Глава 5 На ту же тему
Глава 5
На ту же тему
Политика пронизывала эмигрантскую жизнь, определяла все ее содержание.
Русский довоенный Париж…
Десятки — да, десятки! — русских ресторанов, первосортных, средних и совсем дрянных, где грязь и чад. В большинстве они не только хуже французских соответствующей категории, но и дороже. Зато во всех плохая водка эмигрантского производства, а на стенах картинки с царь-колоколом и царь-пушкой. Сидит себе здесь эмигрант и размышляет: "Вот я ем борщ и любуюсь на Кремль. Назло большевикам!"
Десятка полтора русских церквей.
Есть собор, о котором я уже говорил. Там по воскресеньям всегда толпа, причем так уже завелось, что у правого клироса собирается эмигрантская "знать". А еще большая толпа в церковном дворе. Сюда приходят для сплетен, чтобы подзанять денег, составить партию в бридж или сговориться, где провести вечер. Перед собором бойко работают два русских ресторана: там для молящихся всегда водка и горячие пирожки. Кроме всего, храм на улице Дарю славится замечательным хором. В пасхальную ночь во всех соседних домах французы высовываются из окон, чтобы услышать торжественное пение да поглядеть на крестный ход и раззолоченное облачение митрополита.
Есть при богословском институте просторный храм, красиво расписанный в старинном новгородском стиле художником Стеллецким, одним из могикан "Мира искусств". А остальные церкви по преимуществу домовые, многие ютятся в сараях или убогих каморках.
Значит, обилие верующих? Нет, опять-таки прежде всего политика. Что ни день, то молебен или панихида по заказу какого-нибудь объединения, входящего в РОВС, или другой антисоветской организации с поминанием "белых вождей" и молениями за "спасение России". И горе той группе верующих, которая пожелала охранить церковь от эмигрантской политики, горе священникам, которые канонически подчинились Московской патриархии! Дикой ненавистью к ним пылают ханжи черносотенцы.
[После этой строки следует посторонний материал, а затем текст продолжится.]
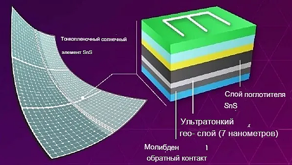 Несмотря на то, что моносульфид олова (SnS) известен как дешёвый и распространённый материал с многообещающими характеристиками для использования в солнечных батареях, работать с ним непросто. Исследователям до сих пор не удавалось добиться эффективности преобразования более 5 % с использованием этого материала, а интерес исследовательского сообщества к нему отстаёт от интереса к кестеритовым, или медно-цинково-оловянным, солнечным батареям.

Отрывок беседы, типичной для той поры, когда эмигрантская церковная распря достигла крайней степени накала:
— Вчера похоронили Анну Ивановну…
— Простите, не похоронили, а, как собаку, бросили в яму.
— Неужели отпевал патриарший священник?
— Вот именно. Вы же понимаете, на нем нет благодати! Кого поженит — не женаты, а живут в блуде; ребеночка крестит, а тот все равно нехристь.
— Кошмар! Значит, и эту совратил перед смертью. Служитель сатаны! Чекист в рясе!
Собеседники — седовласые старцы, но глаза их налиты кровью…
Три русские ежедневные газеты выходили некогда в Париже: "Возрождение" — орган Струве и нефтяника Гукасова, сирень эмигрантских консерваторов, "Последние новости" — Милюкова, то есть кадетов, притом "левых", и "Дни" — Керенского, то есть эсеров.
Все три с одинаковым рвением заполняли целую страницу выдержками из советской самокритики с целью доказать, что, раз большевики сами так себя осуждают, дела их плохи и советская власть непрочна. Но на всех других страницах "Возрождение" объясняло из года в год, что в "большевистском кошмаре" повинны "либеральная интеллигенция" и керенщина; "Последние новости" — что причина всех бед в косности консерваторов и происках неудачников, вроде Керенского, ставивших палки в колеса мудрому Милюкову; а "Дни" — что за падение Временного правительства ответственны решительно все, кроме самого Керенского. Причем все три газеты ежедневно обливали друг друга ушатами помоев.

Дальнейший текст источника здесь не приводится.